### GIVEN DATA
%%

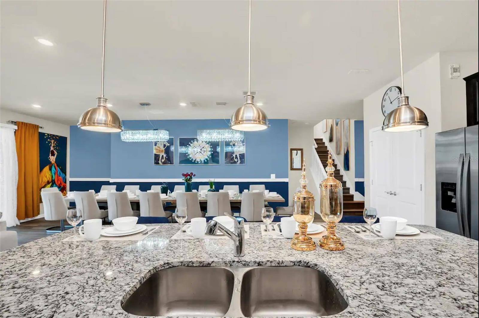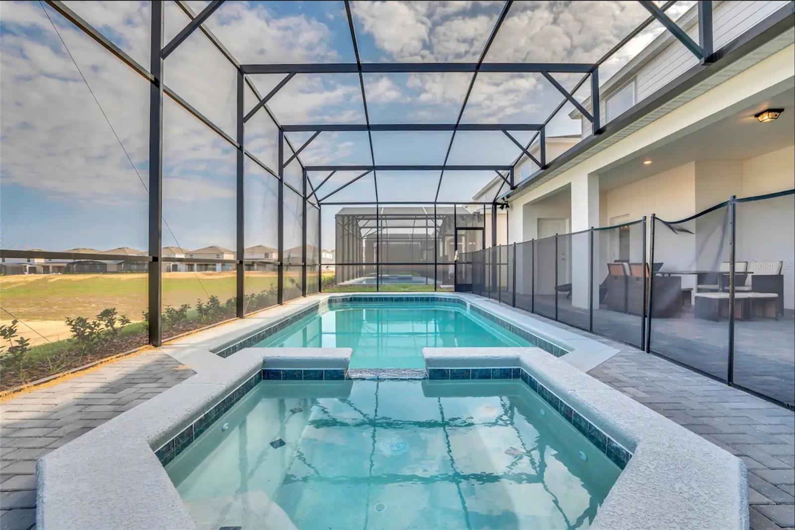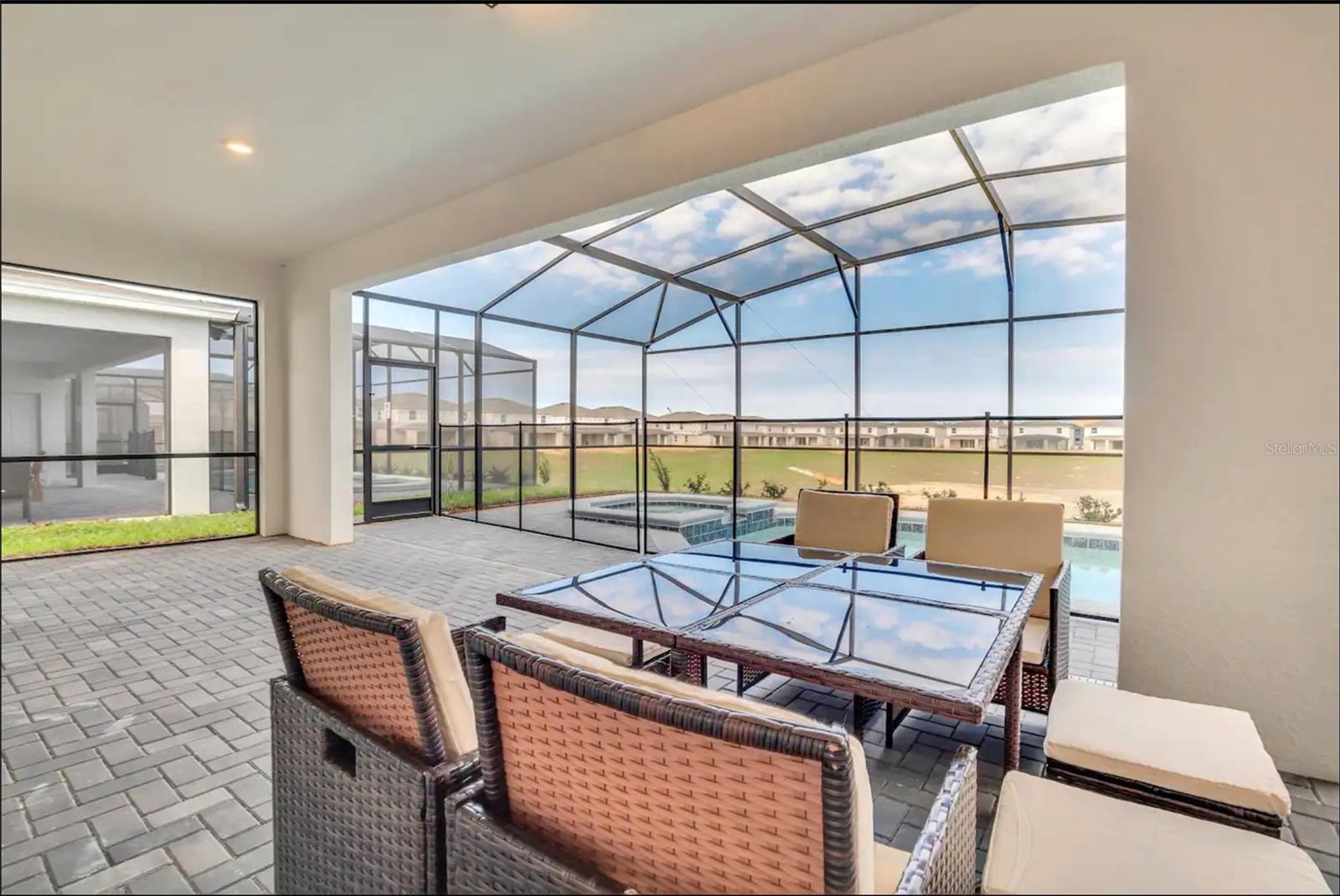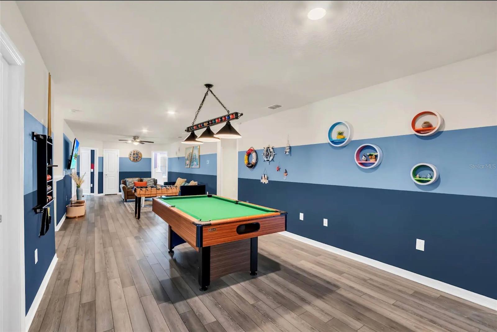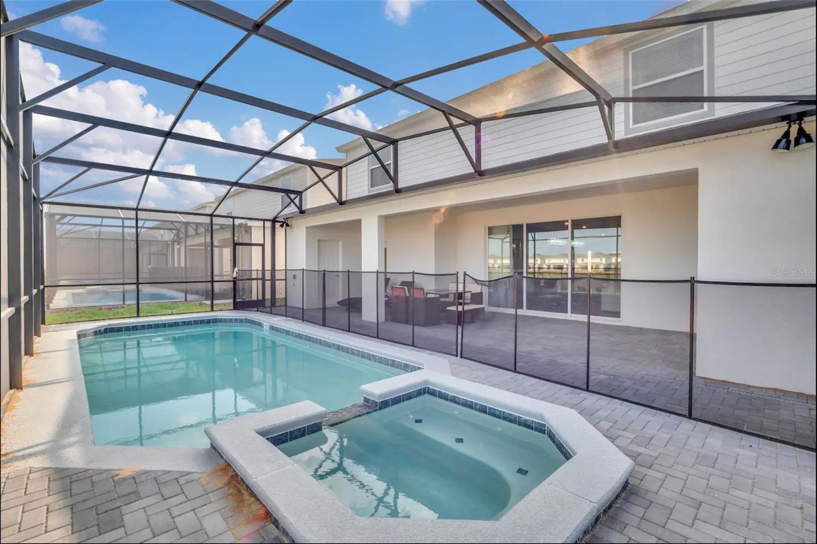 The Windsor Island Resort, a new and thrilling vacation home development, is ideally located near central Florida's major attractions, including Disney and Universal. This elegantly furnished home, sold complete with furniture, boasts 10 bedrooms and 8 bathrooms. It features a private, screened-in pool with a spa. Windsor Island's amenities rank among central Florida's finest, offering a zero-entry resort pool, a lazy river, water slides, a splash pad, a fitness center, a game room, mini-golf, a hammock garden, a sand volleyball court, a basketball court, private cabanas, a poolside bar, an ice-cream/snack bar, and a 24-hour guarded gate for enhanced security. The absence of neighbors behind the property provides additional privacy for residents.
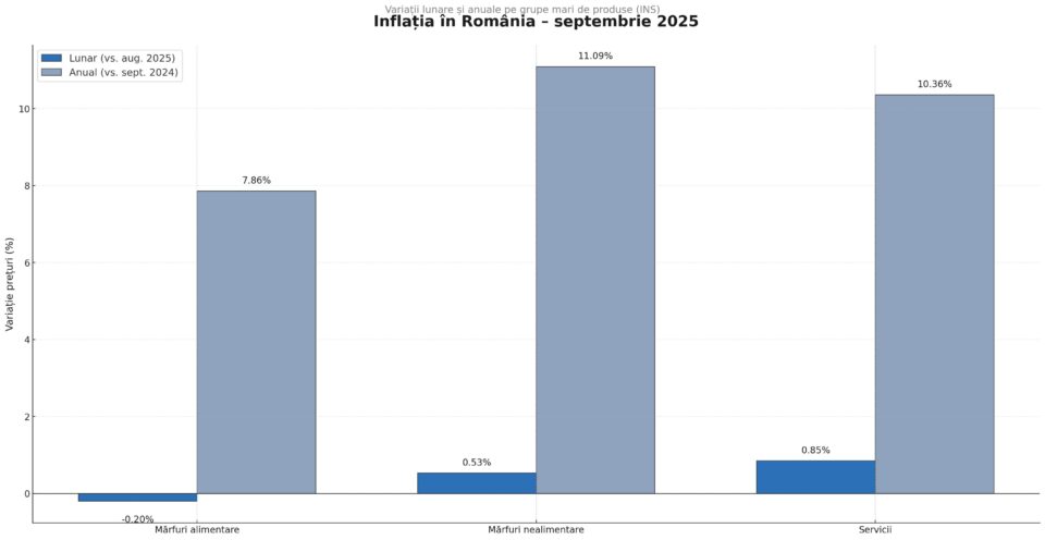 Rata anuală a inflației din România a ajuns la 9,9% în septembrie 2025, în ușoară scădere față de lunile anterioare, potrivit datelor publicate de Institutul Național […]
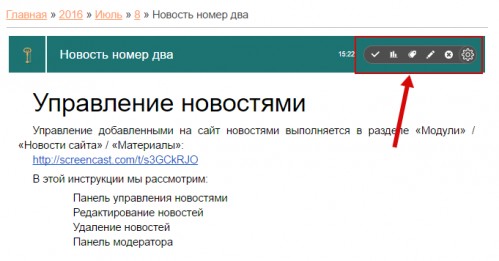 - Индикатор «Премодерация», говорящий о том, что новость не опубликована.
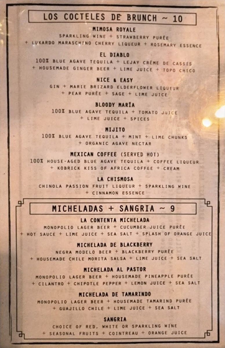 Dark lager beer, blackberry puree, housemade chile morita salsa, lime juice, sea salt.

%%

### YOUR GOAL
Put each line of the listing above into the copy exactly, dropping the pictures.

### OUTPUT OF THE EXERCISE
 The Windsor Island Resort, a new and thrilling vacation home development, is ideally located near central Florida's major attractions, including Disney and Universal. This elegantly furnished home, sold complete with furniture, boasts 10 bedrooms and 8 bathrooms. It features a private, screened-in pool with a spa. Windsor Island's amenities rank among central Florida's finest, offering a zero-entry resort pool, a lazy river, water slides, a splash pad, a fitness center, a game room, mini-golf, a hammock garden, a sand volleyball court, a basketball court, private cabanas, a poolside bar, an ice-cream/snack bar, and a 24-hour guarded gate for enhanced security. The absence of neighbors behind the property provides additional privacy for residents.
 Rata anuală a inflației din România a ajuns la 9,9% în septembrie 2025, în ușoară scădere față de lunile anterioare, potrivit datelor publicate de Institutul Național […]
 - Индикатор «Премодерация», говорящий о том, что новость не опубликована.
 Dark lager beer, blackberry puree, housemade chile morita salsa, lime juice, sea salt.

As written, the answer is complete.